The 2010 payment amounts were delayed because of late reporting by some entities and the complexity of evaluating prior year payment amounts authorized by the Mineral Leasing Act and the Secure Rural Schools and Community Self-Determination Act. Each of these statutes and the PILT statute include requirements that impact the development of county payment amounts under a multi-factor formula.

This year's PILT program is funded at full entitlement levels under the Emergency Economic Stabilization Act of 2008, which enacted a five-year authorization for full funding of the PILT program. The Interior Department collects about $4 billion in revenue annually from commercial activities on federal lands, such as oil and gas leasing, livestock grazing and timber harvesting.

A portion of these revenues are shared with states and counties in the form of revenue-sharing payments.

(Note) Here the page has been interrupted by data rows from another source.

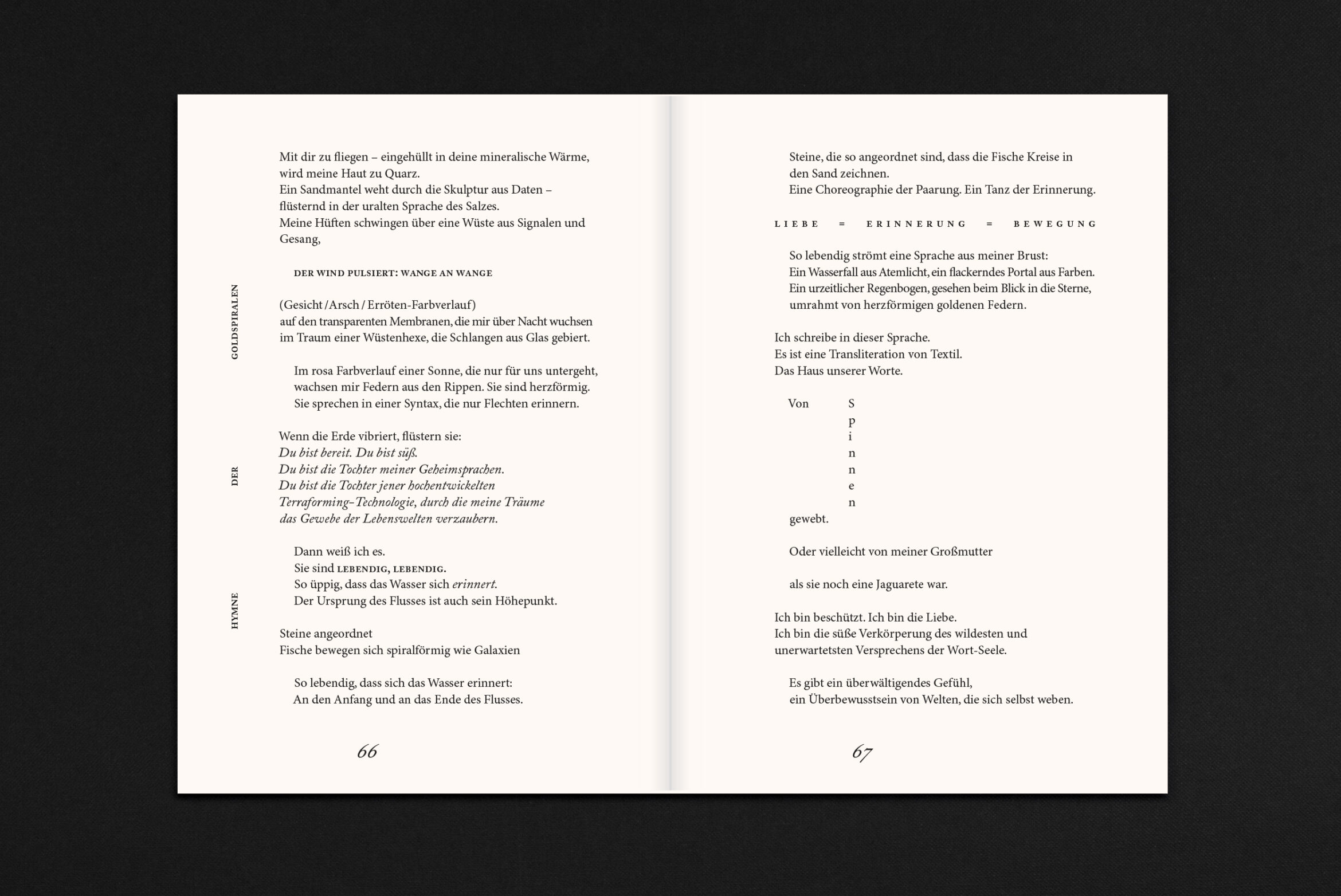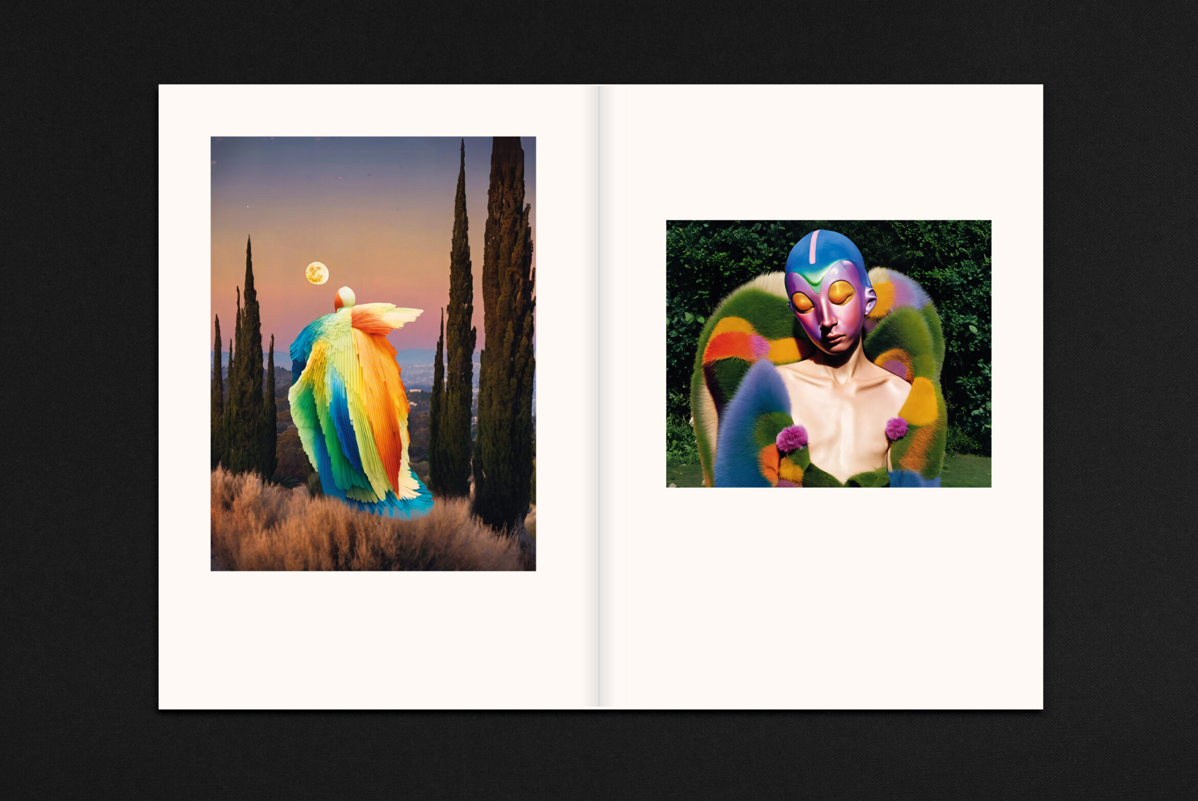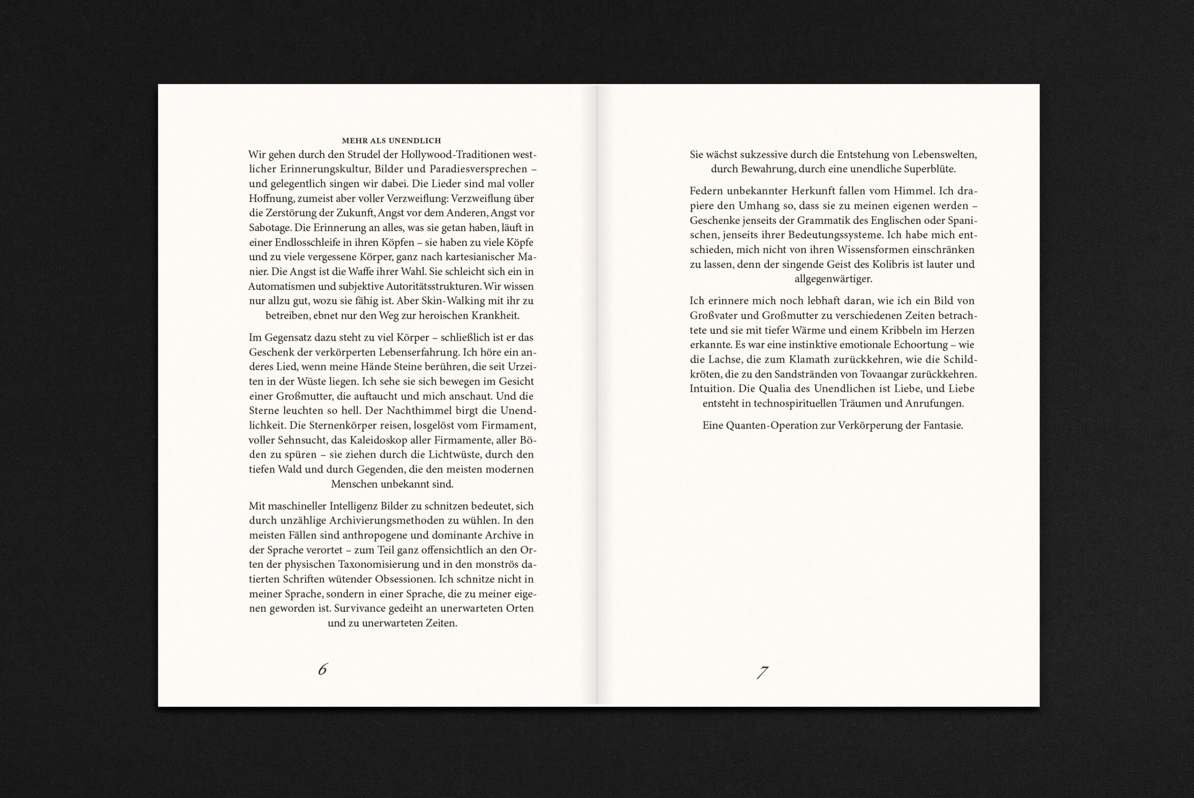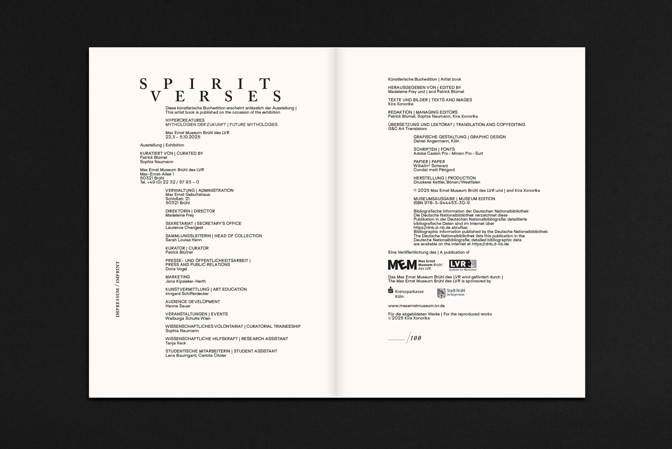 In the resonance space of the exhibition »Hyper Creatures«, a publication in edition form was created in conceptual collaboration with curators Patrick Blümel, Sophia Naumann, and the artist Kira Xonorika: »Spirit Verses« – a multi-layered, surreal artistic work of image and text, unfolding over 74 pages. »Through poetry, surrealist literature, speculation and autoethnography, it weaves together personal stories and ideas in dialogue with the current exhibition Hypercreatures: Future Mythologies. This bilingual limited edition is available in English and German at the Max Ernst Museum. The book features images produced through generative AI trained on my datasets, alongside collage and digital painting.«Kira Xonorika The verses move between calm, classical paragraphs and playful displacements – always harmonious, structured by a French page layout and a clear baseline grid. Kira’s images and texts are presented in a Swiss brochure with hardcover: the back title shimmers in foil stamping, while the front cover features a lenticular image embedded in the board. On the occasion of the 20th anniversary, the book is available from today, 04.09.2025, at the Max Ernst Museum of the LVR in Brühl
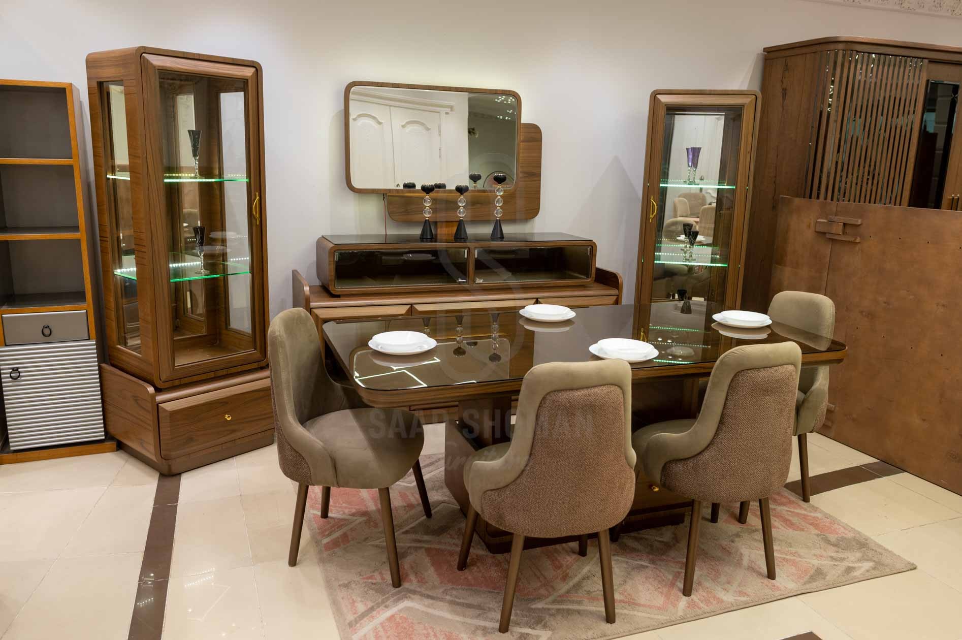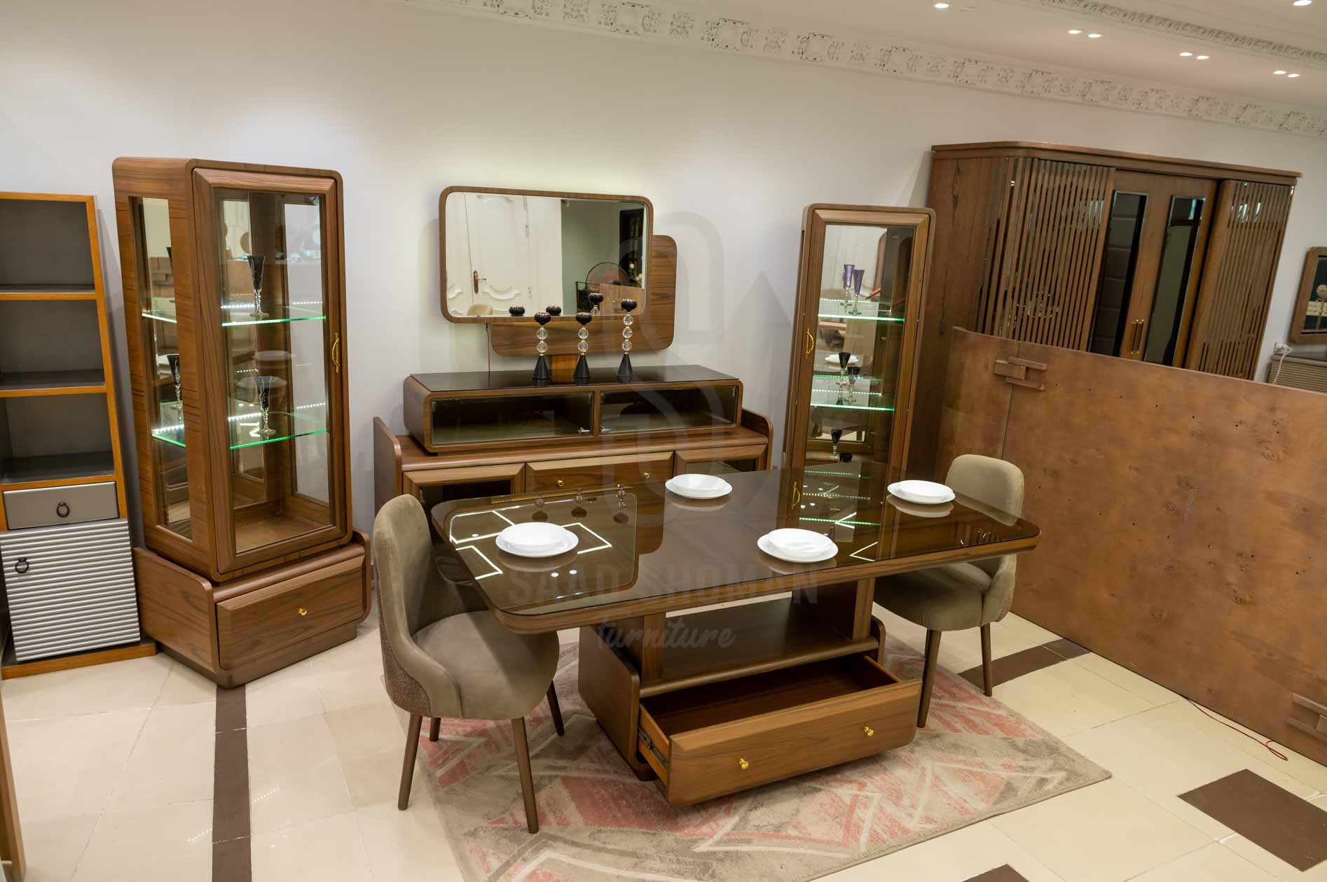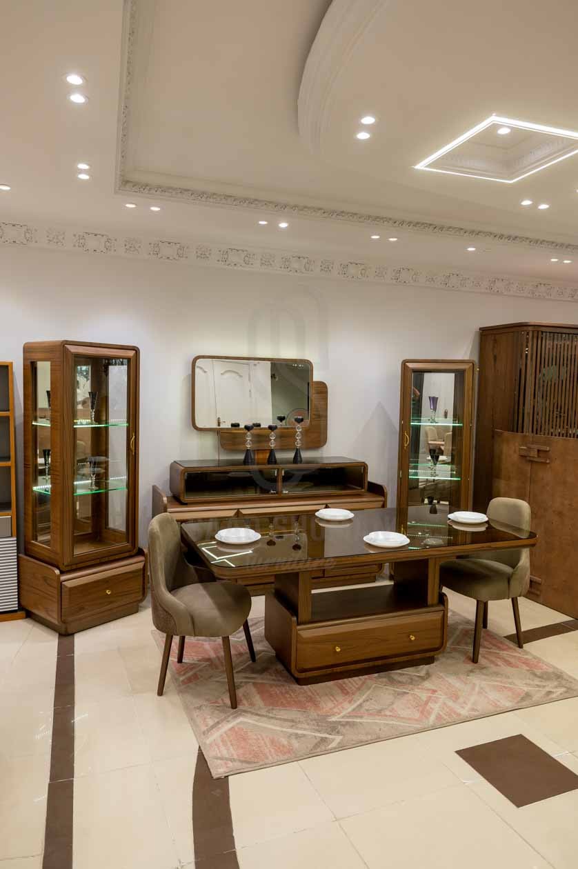 ترابيزة السفرة: مستطيلة بخطوط مستقيمة من الخشب الطبيعي بتشطيب لامع ولون بني متوسط، سطح زجاجي شفاف مع درج مدمج يضيف وظيفة تخزينية ذكية.
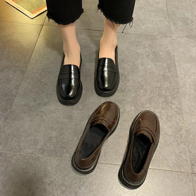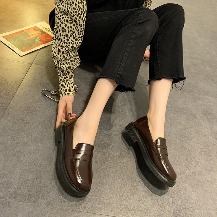 スタイルレザーウィンターカジュアルソリッド カラーシングル 靴 シューズ 冬物 ソリッドカラー スクウェア 部族の婦人靴7783768623
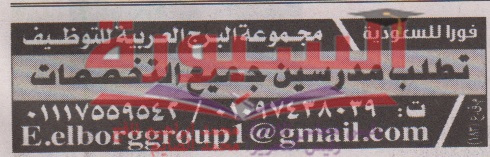 أعلنت مجموعة البرج العربية للتوظيف عن حاجتها الى معلمين فى جميع التخصصات للعمل فى المملكة العربية السعودية، وعلى الراغبين فى التقدم ارسال السيرة الذاتية أو التواصل عبر الاعلان المنشور فى جريدة الاهرام اليوم الجمعة الموافق 2016/4/8.
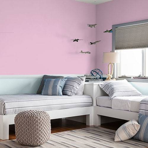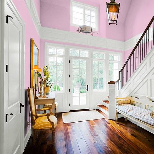 Adding a boost of brightness this pink adds energy to an interior space. Contrast this hue with rich plum accents on a feature wall or accessories.
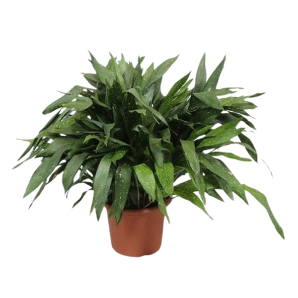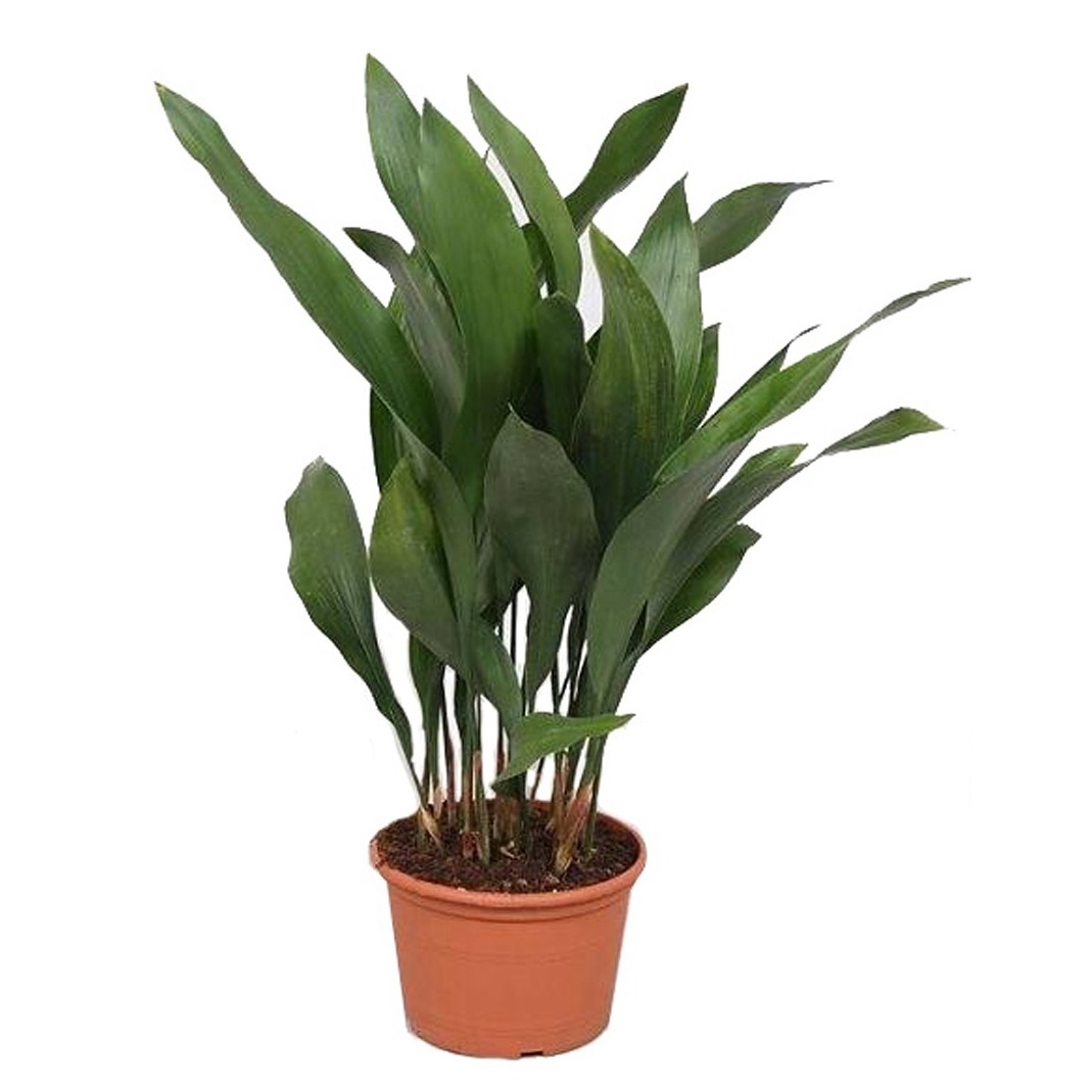 Аспидистра имеет крупные плотные листья насыщенного тёмно-зелёного цвета которые растут вертикально из-под корневища. Листья длинные овальные с ровным краем и глянцевой поверхностью что создаёт аккуратный строгий и благородный вид растения. Растение формирует красивый куст высотой до 50–80 см. Отличается высокой выносливостью выдерживает тень сухой воздух и нерегулярный полив. Идеальна для затемнённых интерьеров и офисов.

The balance is deposited in the U.S. Treasury, which in turn pays for a broad array of federal activities, including PILT funding to counties. Payment eligibility is reserved for local governments (usually counties) that contain nontaxable federal lands and provide government services related to public safety, housing, social services, transportation and the environment.

Using a formula provided in statute, the annual PILT payments to local governments are computed based on the number of acres of federal entitlement land within each county or jurisdiction and the population within that county or jurisdiction. The lands include the National Forest and National Park Systems, those managed by the Bureau of Land Management, those affected by Corps of Engineers and Bureau of Reclamation water resource development projects, and others.

Individual county payments may vary from the prior year as a result of changes in acreage data, which is updated yearly by the federal agency administering the land, and population data, which is updated using data from the U.S. Census Bureau.

For purposes of calculating the 2010 payment, the per acre amounts are adjusted for inflation from the 2009 payment of $2.37 per acre and thirty-three cents per acre to $2.40 and thirty-three cents per acre, and the population variables are adjusted from $63.68 - $159.18 to $64.56 - $161.38 per capita. The 2010 payment will fund the authorized level of $358.4 million. This includes $400,000 for program administration.

The computation also adjusts the payment for the level of prior-year revenue payments and the amount that a county receives under Sections 6904 and 6905 of the PILT Act. Revenue payments are federal payments made to local governments under programs other than PILT during the previous year. These include those made under the Refuge Revenue Sharing Fund, the National Forest Fund, the Taylor Grazing Act, the Mineral Leasing Act, the Federal Power Act, and the Secure Rural Schools and Community Self-Determination Act of 2000. Sections 6904 and 6905 provide additional payments for additions to the National Park System and National Forest Wilderness areas.

As a result of increases in Forest Service timber and Mineral Leasing Act payments, reductions in PILT entitlement land, expiration of section 6904/5 payments and payments falling below the $100 threshold, the total 2010 PILT payments to the following twenty-eight states will be lower than their 2009 payment: Alabama, Alaska, Arizona, Colorado, Florida, Georgia, Idaho, Indiana, Kentucky, Maine, Michigan, Minnesota, Missouri, Montana, Nebraska, Nevada, New Mexico, New York, North Carolina, North Dakota, Ohio, Oregon, Puerto Rico, Tennessee, Virgin Islands, Virginia, Wisconsin and Wyoming.